Phanes Therapeutics announced updated Phase 2 clinical trial results for spevatamig (PT886), an anti-CLDN18.2/CD47 bispecific antibody, in combination with chemotherapy for frontline treatment of metastatic pancreatic ductal adenocarcinoma (PDAC). Presented at the American Society of Clinical Oncology (ASCO) Annual Meeting 2026, the data demonstrated promising efficacy with a 2 mg/kg weekly dose, achieving a 52.4% objective response rate (ORR) and 90.5% disease control rate (DCR) in patients with metastatic PDAC. More than 90% of patients at this dose level had de novo metastatic disease, aligning with Phase 3 trial populations. Median progression-free survival (mPFS) was 7.3 months, and median overall survival (mOS) reached 14.7 months in US patients, with a median follow-up time of 14.7 months. The combination therapy showed no significant additive toxicity compared to chemotherapy alone, with optimized anti-CD47 design improving gastrointestinal tolerability and reducing hematological toxicity. Phanes noted that spevatamig, an innate immunity enhancer (I2E), targets 'cold tumors' resistant to immune checkpoint inhibitors (ICIs) by activating macrophages and dendritic cells. The company is rapidly enrolling patients for the 3 mg/kg dose level, with efficacy data expected in the second half of 2026, potentially leading to a Phase 3 trial shortly afterward.

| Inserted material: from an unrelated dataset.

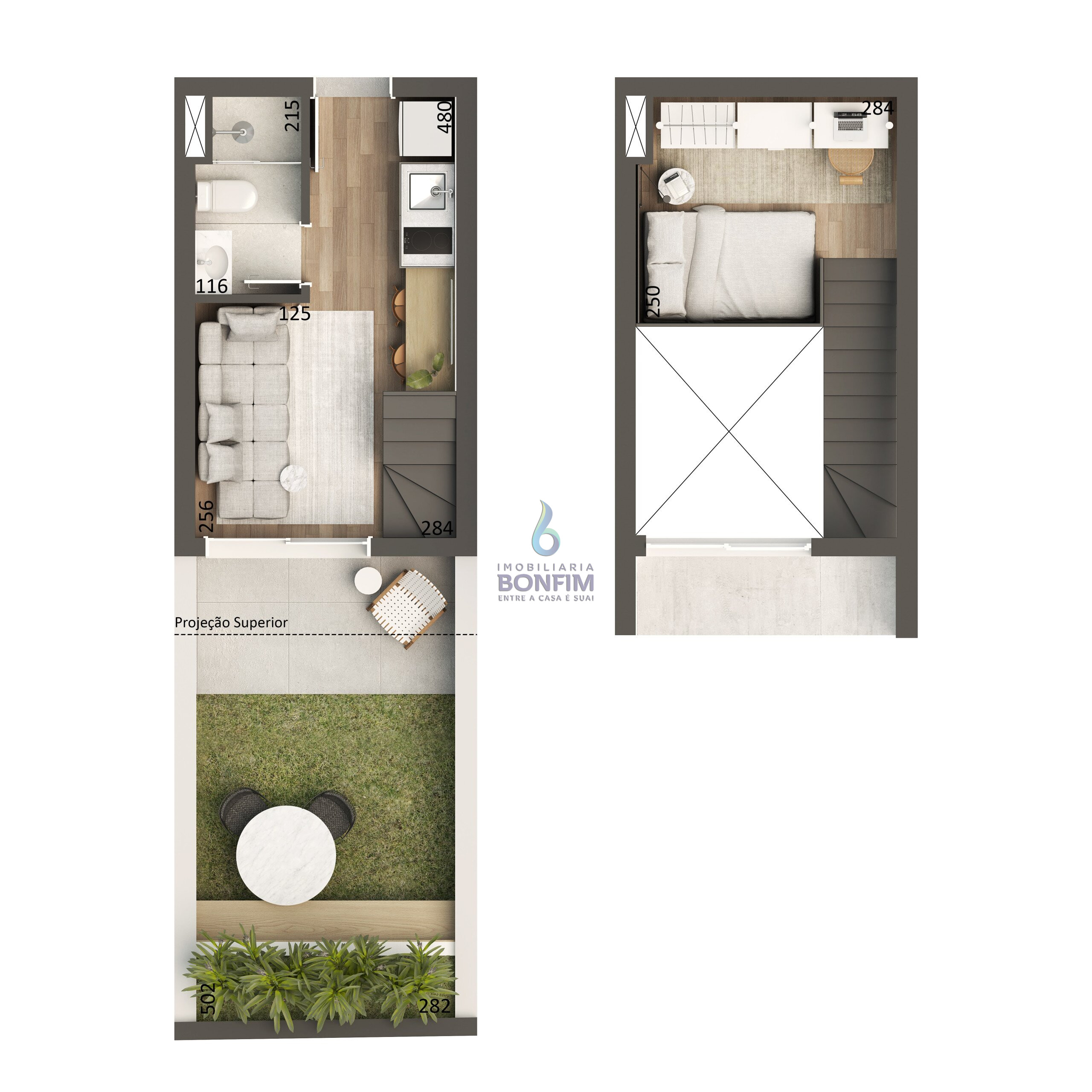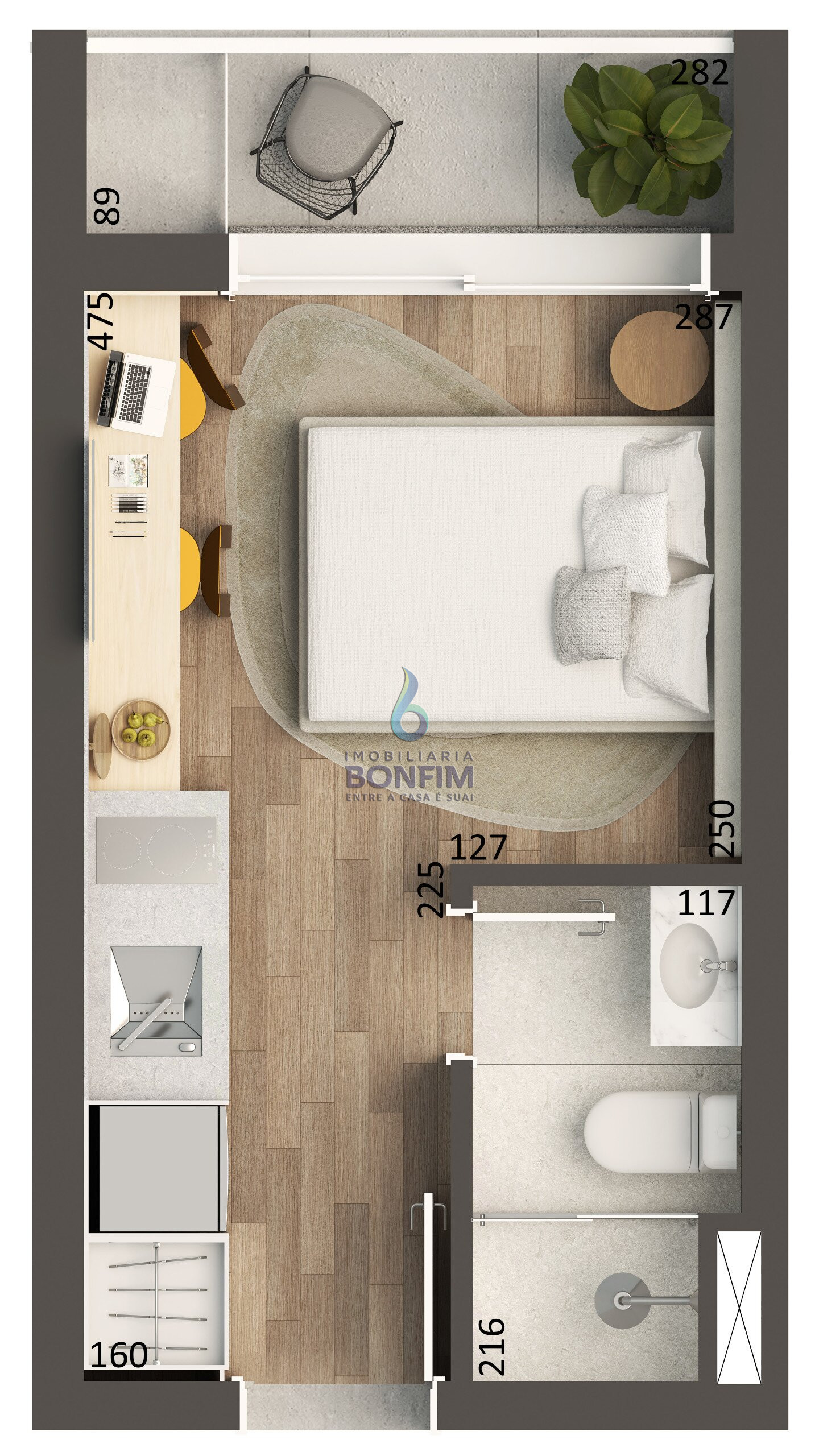 O Studio 01 foi planejado para oferecer praticidade e conforto, com layout inteligente que otimiza os espaços e permite diferentes configurações de uso, ideal tanto para moradia quanto para investimento. A unidade conta com excelente iluminação natural, acabamentos de padrão atual e integração harmoniosa entre os ambientes.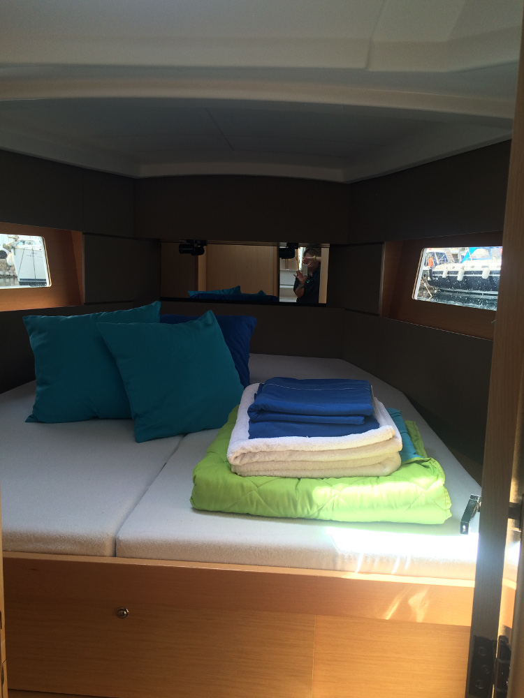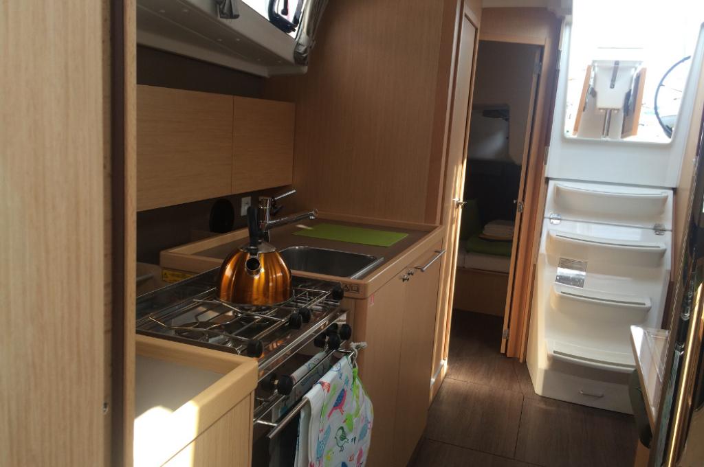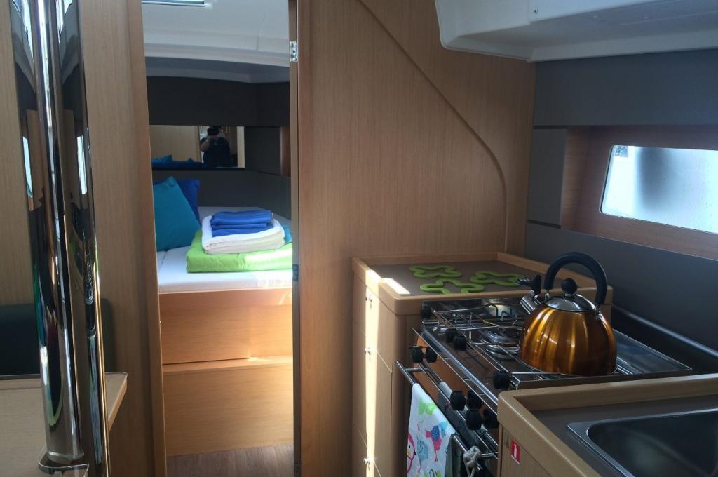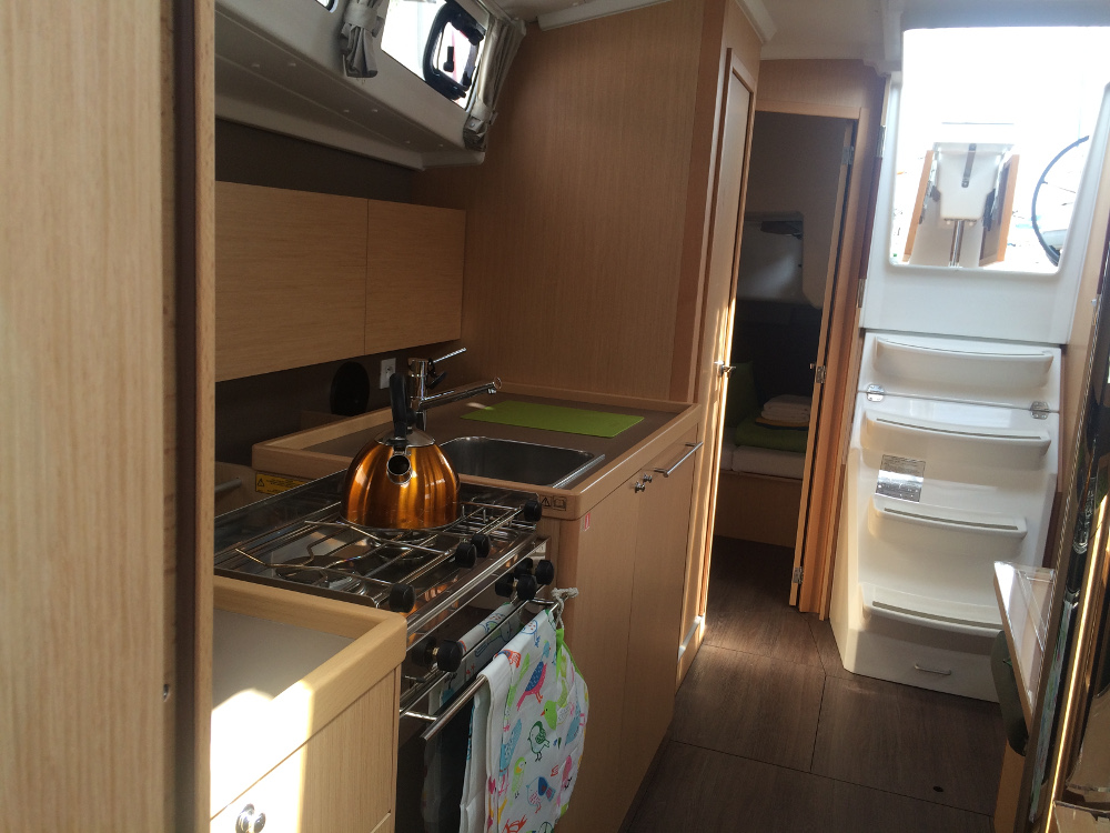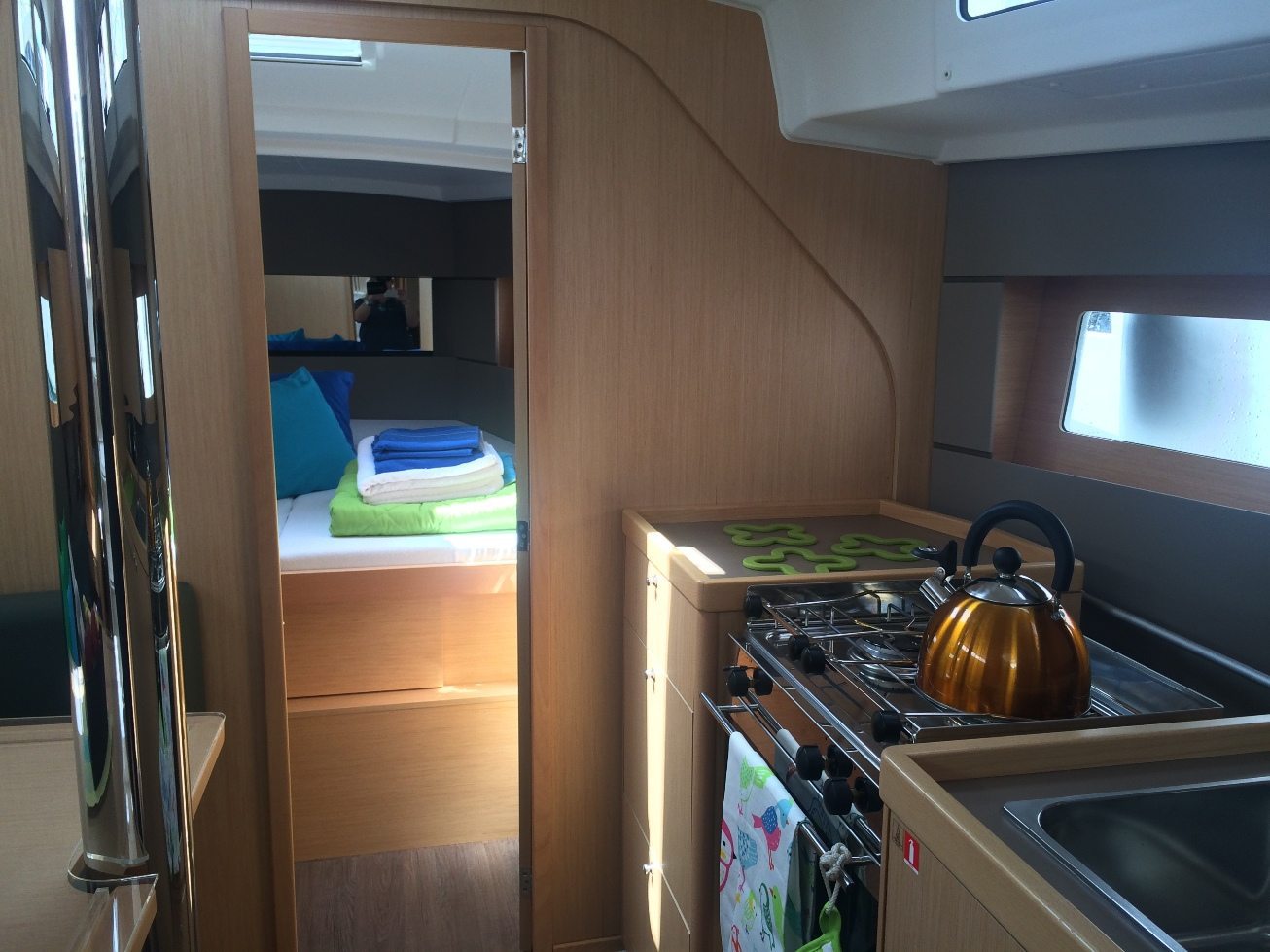 Backofen, Besen und Kehrblech, Gasherd, Gasherd mit Backofen, Küchenutensilien, Kühlschrank, Ladegerät, Landstromkabel, Luftpumpe für Beiboot, Pantryausstattung, Radio mit CD und iPod-Anschluss, Radio mit CD/MP3/USB, Salontisch absenkbar, Trichter, Ventilatoren in Kabinen |

Spevatamig, a first-in-class bispecific antibody, received orphan drug designation from the FDA in 2022 for pancreatic cancer and Fast Track designation in 2024 for metastatic claudin 18.2-positive PDAC. Phanes also collaborates with Merck to study spevatamig in combination with pembrolizumab. The drug’s novel mechanism distinguishes it from traditional ICIs, offering an alternative for patients with aggressive PDAC, where treatment options remain limited. CEO Ming Wang emphasized the significance of targeting PDAC, a 'cold tumor' unresponsive to ICIs, and expressed confidence in advancing spevatamig as the first innate immunity enhancer for solid tumors. The company aims to accelerate development to deliver an innovative immunotherapy for metastatic PDAC patients. Clinical trials are ongoing across multiple cancer indications, reinforcing Phanes’ focus on pioneering oncology treatments.